__STORED DATA__:
========================================
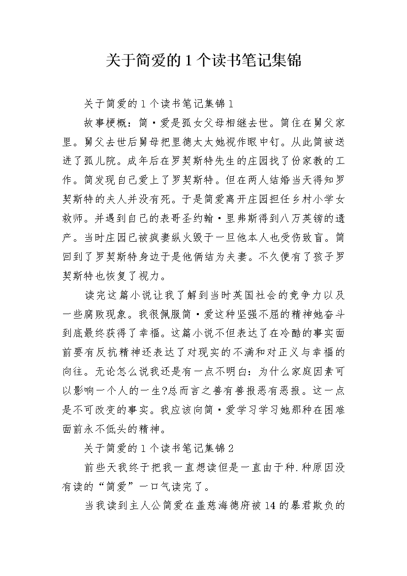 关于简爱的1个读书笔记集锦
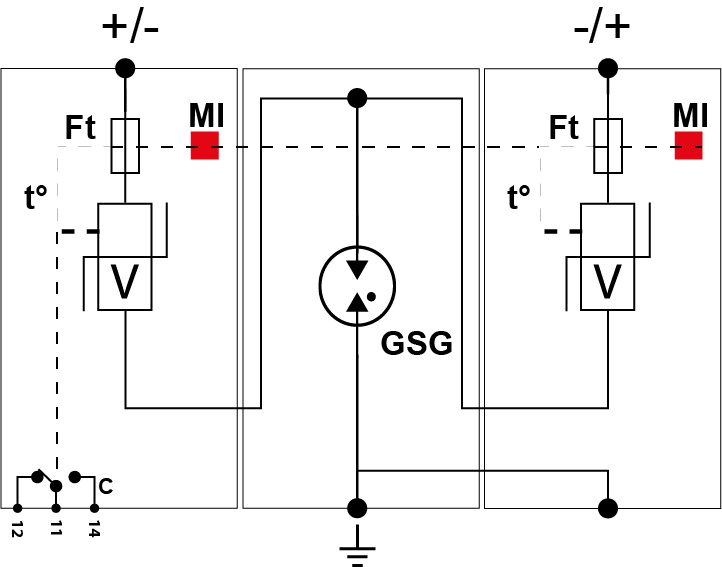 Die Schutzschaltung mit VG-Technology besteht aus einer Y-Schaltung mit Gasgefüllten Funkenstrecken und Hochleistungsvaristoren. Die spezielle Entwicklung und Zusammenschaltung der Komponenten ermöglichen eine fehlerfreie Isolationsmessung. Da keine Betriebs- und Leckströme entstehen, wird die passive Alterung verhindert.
========================================
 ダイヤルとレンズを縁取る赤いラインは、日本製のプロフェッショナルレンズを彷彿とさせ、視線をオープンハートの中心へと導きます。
========================================
__WORK ORDER__: Using the entries above, write out exactly the lines from the one with "关于简爱的1个读书笔记集锦" through the one with "Die Schutzschaltung mit", ends included. Leave out any pictures.

__OUTPUT__:
 关于简爱的1个读书笔记集锦
 Die Schutzschaltung mit VG-Technology besteht aus einer Y-Schaltung mit Gasgefüllten Funkenstrecken und Hochleistungsvaristoren. Die spezielle Entwicklung und Zusammenschaltung der Komponenten ermöglichen eine fehlerfreie Isolationsmessung. Da keine Betriebs- und Leckströme entstehen, wird die passive Alterung verhindert.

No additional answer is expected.